Unlike robots, dogs have natural emotions to express – reacting, for example, when someone enters the room. They watch their owners’ behaviour and act accordingly.
Dogs are interested in any sudden changes in their environment – such as new objects needing to be investigated.
And they’re good at sensing trouble.
“She’s going to use a device to play back human cry… Look at the dog: it’s watching… kiss… another kiss… jumps, emotions, very heavy, expressed emotions… vocalisation… That’s an alarming signal… And then – approaching the stranger, because she didn’t do anything – and she’s supposed to help!”

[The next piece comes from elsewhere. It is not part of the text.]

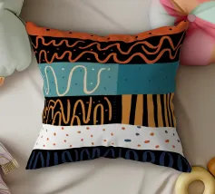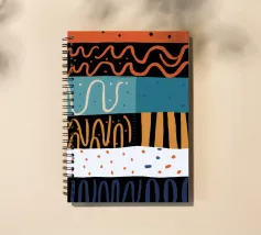 An abstract collage of various patterns, including waves, stripes, and terrazzo, in a coastal inspired palette of blues, oranges, and whites.
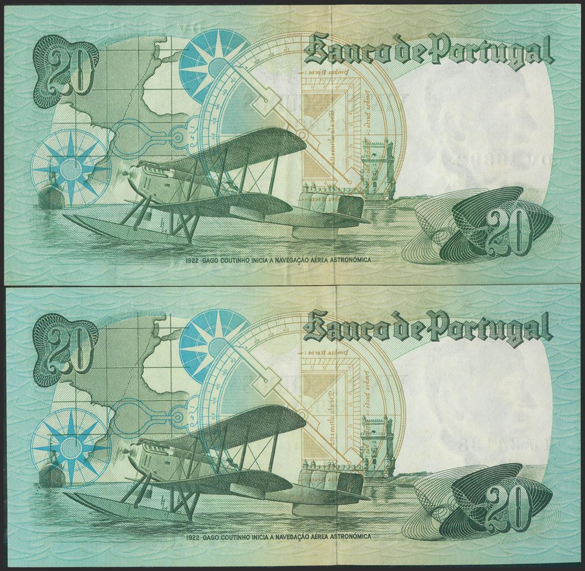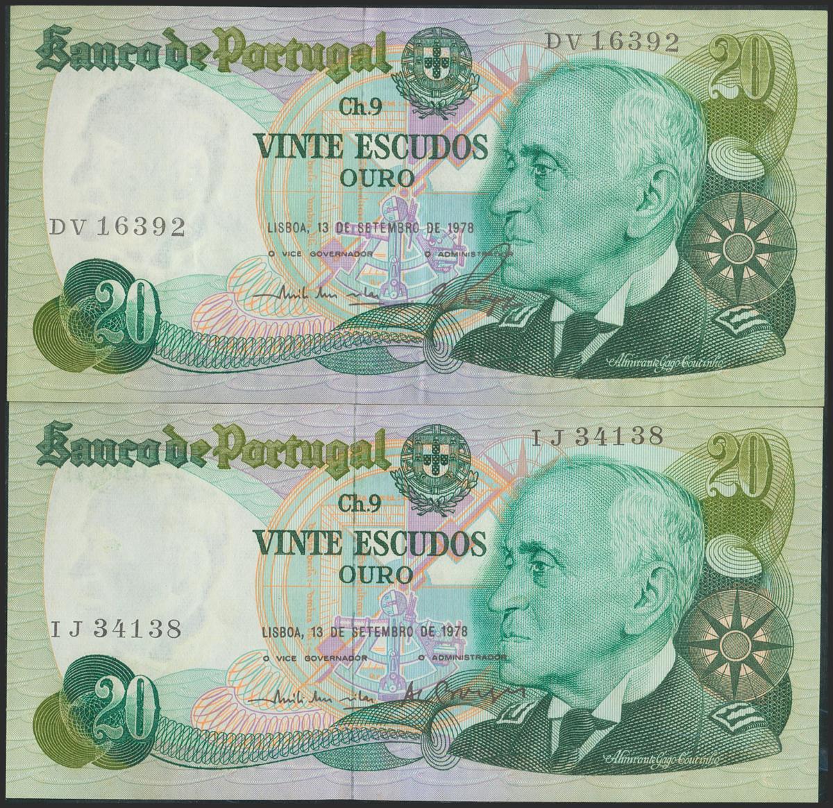 PORTUGAL. Set of 2 banknotes of 20 Escudos from 1978. Banco de Portugal. Chapa 9. Two letters preffix. All different signatures. (Pick: 176a). Extremely Fine to About Uncirculated.

“There will always be a difference between dogs and robots, because they have different functions, so robots are probably more useful for helping people in very special situations, where there is some reliance on verbal communication and information exchange – this is not possible with dogs. And dogs will still have this ability to please humans in a very social way, and they are, of course, living beings that have their special own world which people enjoy and I really hope that they will enjoy it in the future as well.”
So, robots are not set to replace our pets. But how close can they come to simulating real emotions?

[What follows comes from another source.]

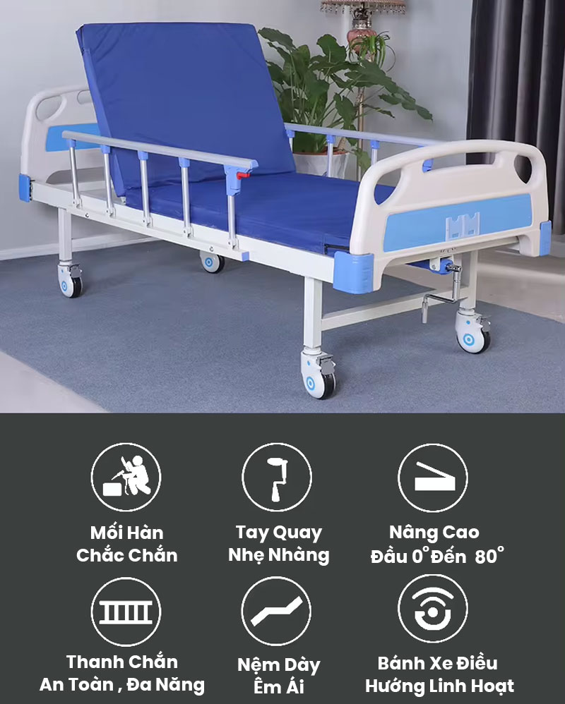 – Nâng đầu và hạ đầu từ 0 đến 80 độ. Tay quay hoạt động theo từng chế độ riêng biệt.

Let’s visit Heriot Watt University in Edinburgh to meet SARAH – a virtual character with an impressive capacity for seeing, talking and moving around.
“SARAH is basically a Social Agent Robot to Aid Humans, so SARAH is supposed to perform some tasks which are useful to the users in the lab – for example, carry the phone to the user.”
Just like Pioneer, the robot we met earlier, SARAH navigates following ceiling patterns.
But her “mind” can also be transferred to a range of different mechanical incarnations, present in different parts of the building – after all, her personality is just a software programme.
“We came up with this concept of migration: what it does is actually migrates the mind of the artificial companion to a different embodiment. So, for example, robot mind can migrate to a handheld device, which the user can carry around and walk everywhere, and then the character again can migrate from the handheld device to a graphical character on the screen”.
Represented by an image on a flatscreen TV, SARAH can recognize a person in front of her and answer questions sent by SMS.
“We are also looking at creating and modelling a mind to be as plausible to human behaviour as possible. So we’re looking at different memory mechanisms that are useful in human – for example, generalisation and retrieval mechanisms that will help SARAH to remember the users and their preferences, and it adapts its interaction to help them better”.
And, what’s more, she says it with a smile.